Build Your Own Web Server From Scratch In JavaScript Subscribe to get notified of new chapters and the book's release.
03. Code A TCP Server
Our first step is to get familiar with the socket API, so we will code a simple TCP server in this chapter.
3.1 TCP Quick Review
Layers of Protocols
Network protocols are divided into different layers, where the higher layer depends on the lower layer, and each layer provides different capacities.
top
/\ | App | message or whatever
|| | TCP | byte stream
|| | IP | packets
|| | ... |
bottom
The layer below TCP is the IP layer. Each IP packet is a message with 3 components:
- The sender’s address.
- The receiver’s address.
- The message data.
Communicating with packet-based schemes is not easy. There are lots of problems for applications to solve:
- What if the message data exceeds the capacity of a single packet?
- What if the packet is lost?
- Out-of-order packets?
To make things simple, the next layer is added on top of IP packets. TCP provides:
- Byte streams instead of packets.
- Reliable and ordered delivery.
A byte stream is simply an ordered sequence of bytes. Applications need to make sense of those bytes. That is what the application protocol layer is for. If the application wants messages, the protocol must be designed to split the bytes into messages.
UDP is on the same layer as TCP, but is still packet-based like the lower layer. UDP just adds port numbers over IP packets.
TCP Byte Stream vs. UDP Packet
The most important difference between a byte stream and a packet stream is that there are no boundaries within a byte stream.
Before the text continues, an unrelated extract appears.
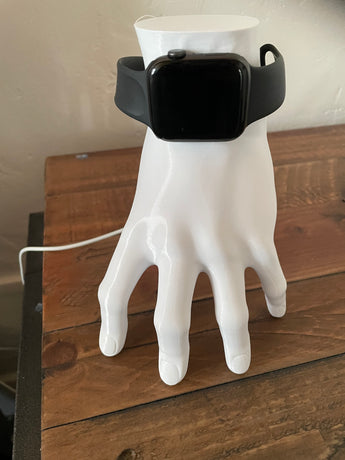 Yksinkertainen ja tyylikäs kelloteline Apple Watchille, suunniteltu kädeksi. Langaton laturi voidaan sijoittaa käden sisään, eikä asennus vaadi liimaa. Tämän pidikkeen avulla Apple Watch saa kauniin ja käytännöllisen paikan yöpöydälläsi, työpöydälläsi tai missä tahansa muualla, missä haluat sen olevan.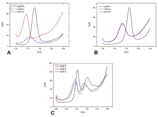 Within the pH range 0.4–7, the Ep values of CAF (+1.49 V, Table 2) and THEO (+1.25 V, Table 3) decreased about 0.1 V for increasing pH, indicating that protons are involved in the oxidation mechanism. DPVs at CDs-CS-GCE of THEO 5 × 10−3 mol L−1 (A), CAF 5 × 10−3 mol L−1 (B) and CAF + THEO, both 5 × 10−3 mol L−1 in the ratio 1:1 (C), at three different pH values, namely 0.4, 5 and 7, are shown in Figure 3.

When you receive from a UDP socket, each receive corresponds to a single UDP packet, which also corresponds to an underlying IP packet (if not fragmented), which ultimately corresponds to a message from the sender.
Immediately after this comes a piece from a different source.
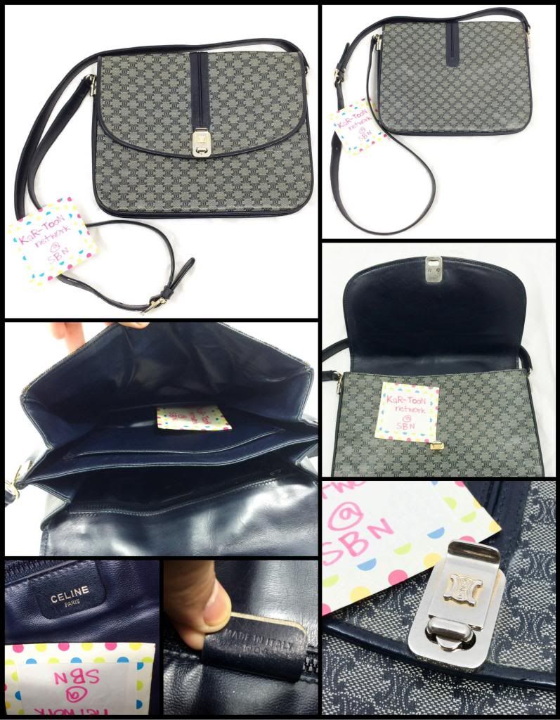 (Used) Celine crossbody bag เป็นรุ่นวินเทจ สภาพ 85%+++ วันดุทำด้วย pvc เย็บขอบด้วยหนัง สีน้ำเงินเข้ม อะไหล่ทองซีดลงแต่ยังคงเงาวิ้ง สายสะพายทำด้วยหนัง มีถลอกเล็กน้อยตามสภาพมือสอง ภายในสะอาด สวยมากครับ ขนาดกระเป๋า 24x19x10 เซ็นติเมตร

However, when you receive from a TCP socket, the data you receive does not correspond in any way to the underlying IP packets! Each time you receive from a TCP socket, the data may come from multiple IP packets, or it may be part of an IP packet, which also cannot be corresponded to the sender’s socket API calls.
Byte Stream vs. Packet: DNS as an Example
To help you understand the implication of the byte stream, let’s use the DNS protocol (domain name to IP address lookup) as an example.
DNS runs on UDP, the client sends a single request message and the server responds with a single response message. A DNS message is encapsulated in a UDP packet.
Due to the drawbacks of packet-based protocols, e.g., the inability to use large messages, DNS is also designed to run on TCP. In TCP, there is no such thing as a “message”; when sending a DNS message over TCP, a 2-byte length field is added in front of the original DNS message so that the server or client can tell which part of the byte stream is which message. This 2-byte length field is the simplest example of an application protocol on top of TCP.
TCP Start with a Handshake
To establish a TCP connection, there should be a client and a server (ignoring the simultaneous case). The server waits for the client at a specific address (IP + port), this step is called bind & listen. Then the client can connect to that address. The “connect” operation involves a 3-step handshake (SYN, SYN-ACK, ACK), but this is not our concern because the OS does it transparently. After the OS completes the handshake, the connection can be accepted by the server.
TCP is Bidirectional & Full-Duplex
Once established, the TCP connection can be used as a bi-directional byte stream, with 2 channels for each direction. Many protocols are request-response like HTTP/1.1, where a peer is either sending a request/response or receiving a response/request. But TCP isn’t restricted to this mode of communication. Each peer can be sending and receiving at the same time (e.g. WebSocket), this is called full-duplex communication.
Each direction of channels can be terminated independently. A peer can terminate its side of the channel by sending the FIN flag, which tells the remote peer that it will not receive any more data. The remote peer is then notified of the termination when reading from the channel. A TCP connection is normally closed when both channels are terminated, which involves actions from both peers.
3.2 Socket Primitives
The socket API comes in different shapes in different languages and libraries. You are likely to get confused if you jump into the API documentation without knowing the basics.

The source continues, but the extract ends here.